Just earlier this week, Secretary of Education Arne Duncan urged schools to tackle the school-to-prison pipeline by seeking out alternatives to referring misbehaving students to law enforcement. Today, he made a different kind of announcement.
Duncan, one of the few remaining members of President Obama's original cabinet, announced that he will be resigning from his position in December in order to return to his home in Chicago to be with his family.
Formerly chief of Chicago Public Schools, Duncan has been Secretary of Education since 2009. It is anticipated that Obama will soon announce Duncan's replacement to be Deputy Secretary of Education John B. King, Jr.
Though his tenure earned him his fair share of critics, "[e]ven Duncan’s critics describe him as a nice and straightforward man who cares about kids," reported Michael Grunwald in POLITICO's annual education issue earlier this month.

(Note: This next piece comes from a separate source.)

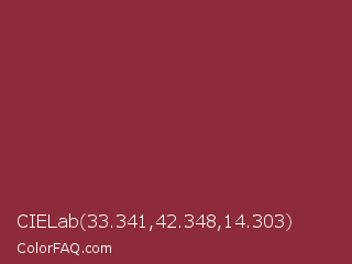 CIELab 33.341,42.348,14.303 Color is a normal red color and the nearest color is Solid Pink #893843. Hex code #8d2b3a and RGB value is rgb(141,43,58). In RGB color space, this color is composed of 55% red, 17% green, 23% blue, In CMYK color space, this color is composed of 0% cyan, 70% magenta, 59% yellow , 45% black , In HSL color space, this color has a hue angle of 351° , 53% saturation and 36% lightness.

During Duncan's announcement, he described his resignation as saddening but admitted the struggle of commuting back and forth from D.C. to Chicago to be with his wife and children was getting to be too much. He will continue to "involve the work of expanding opportunity for children, but I have no idea what that will look like yet," he said.
Despite facing criticism over the Race to the Top program and pushing Common Core standards, Duncan has seen some promising improvements to education as he leaves his position.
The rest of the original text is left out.